Toncoin Under Pressure as Nasdaq Reprimands TON Strategy Over $272M Deal
In a fresh development adding turbulence to Toncoin’s market narrative, TON Strategy, a publicly traded company that has been accumulating Telegram-linked Toncoin tokens, has been formally reprimanded by Nasdaq.
The exchange cited violations related to the company’s $272.7 million Toncoin purchase and related PIPE financing, according to a filing with the U.S. Securities and Exchange Commission (SEC).
Nasdaq’s investigation found that TON Strategy — formerly Verb Technology Company — failed to obtain shareholder approval for a stock issuance tied to its private investment in public equity (PIPE) deal, which funded nearly half of its Toncoin purchase.
Under Nasdaq rules, companies must secure shareholder consent when newly issued stock exceeds 20% of shares outstanding — a threshold TON Strategy crossed without approval.
Despite the breach, Nasdaq stated the violation was not intentional, emphasizing that delisting was not warranted.
The reprimand comes just weeks after the company’s CEO, Veronika Kapustina, warned of a growing “bubble” in digital asset treasury companies, suggesting the market’s rapid expansion may be running ahead of fundamentals.

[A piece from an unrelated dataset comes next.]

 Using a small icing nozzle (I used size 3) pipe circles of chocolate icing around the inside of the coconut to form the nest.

TON Strategy’s restructuring also saw Manuel Stotz, former TON Foundation president, appointed as executive chairman — signaling a continued pivot toward strategic oversight and institutional focus.

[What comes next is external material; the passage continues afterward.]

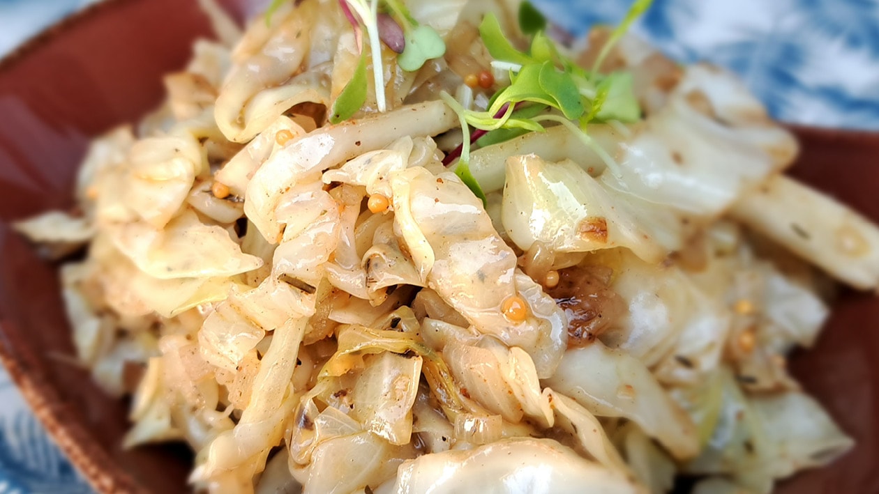 Perfectly cooked cabbage brought to life with a consistent BBQ smoky flavour, beer, mustard and thyme.

Price Action Weakens Near $2.00
Against this backdrop, TON has entered a fragile consolidation phase, with price action slipping below its short-term exponential moving averages and showing declining momentum. The recent pullback near the $2.00 zone underscores a loss of bullish conviction that coincides with mounting regulatory and sentiment pressures.

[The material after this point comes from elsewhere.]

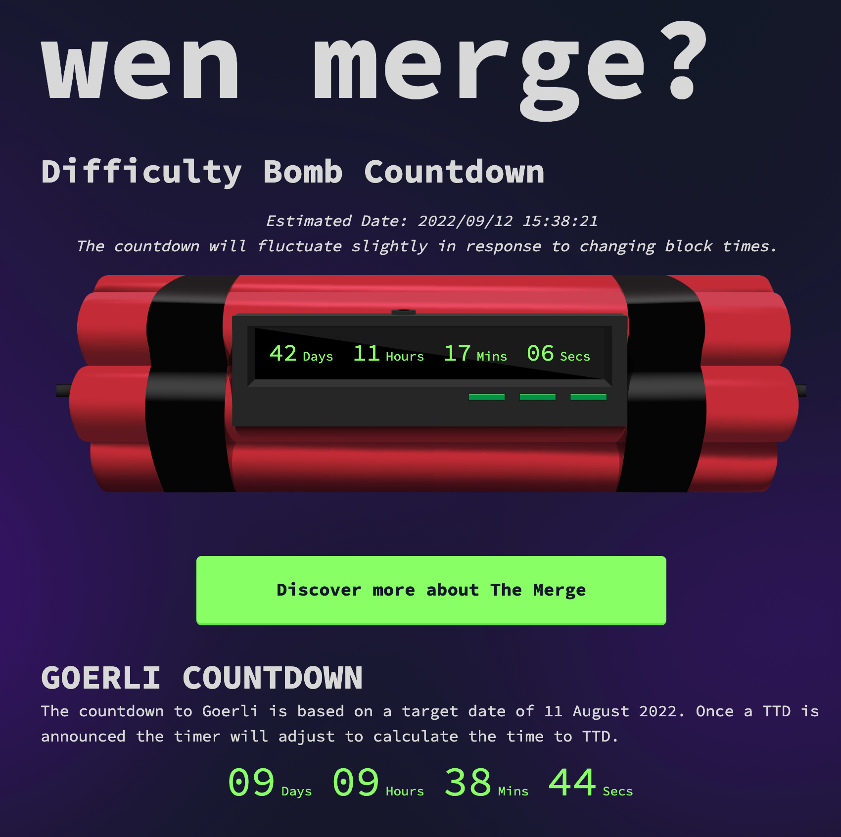 如果現在再問一次,以太坊何時升級?答案仍然是不知道,但已經可以預測。根據 Wen Merge 網站的預估,以太坊會在 2022 年 9 月 12 日合併,也就是一個多月之後。雖然這個時間隨時還可能再往後延,但幾乎可以肯定不會拖到 2023 年(吧)。

Daily chart for TON/USD (Source: GeckoTerminal)
The 9-day EMA has now crossed below the 20-day EMA, a signal that short-term momentum is turning negative. The MACD remains slightly below its signal line, suggesting mild bearish momentum rather than outright selling panic. Meanwhile, the RSI hovering near the mid-30s points to a market that is neither oversold nor strong — a zone that often precedes either a technical rebound or deeper retracement, depending on sentiment shifts.
Resistance and Support Levels
The crypto’s price now faces heavy resistance around $2.236, followed by upper ceilings at $2.860 and $2.913. Clearing the $2.35 ask wall, which holds roughly 595,000 units (≈$1.4 million), could ignite a 17% upside move, yet doing so may prove difficult in the near term given market uncertainty.
Below, critical liquidity zones are positioned at $1.50, $0.90, and $0.60 — each representing major bid walls. Should any of these levels give way, the losses could accelerate sharply, with a 25% to 70% downside risk depending on which wall breaks. These defensive layers of liquidity will likely play a crucial role if selling pressure intensifies.
Market Outlook: Bearish Bias with Speculative Rebound Potential
The combination of a technical downturn and the Nasdaq reprimand has dampened sentiment around Toncoin. The regulatory headlines are likely to weigh on institutional appetite for TON exposure, especially as traders weigh compliance risks and potential reputational drag on projects linked to TON Strategy’s activities.
However, given the proximity to support and mild oversold conditions, speculative traders may look for short-term long entries near $2.00, targeting resistance zones around $2.236 or $2.35 if volume strengthens. Conversely, short positions could be favorable near the resistance levels, with downside targets set around $1.80 and below, provided momentum remains weak.
Until a decisive breakout above $2.35 occurs, the broader trend remains neutral-to-bearish, and any recovery attempt will depend heavily on whether TON can sustain buying pressure amid macro and regulatory crosscurrents.
Outlook
In summary, the crypto’s latest chapter merges market fragility with regulatory friction. The Nasdaq reprimand against TON Strategy adds a layer of uncertainty to an already cautious technical setup.
With key resistance walls looming overhead and limited bullish momentum, traders may prefer patience over aggression until a clearer directional signal emerges.
Disclaimer: The information presented in this article is for informational and educational purposes only. It does not constitute financial advice. Ecoinimist is not responsible for any losses incurred. Readers should exercise caution before acting on this content.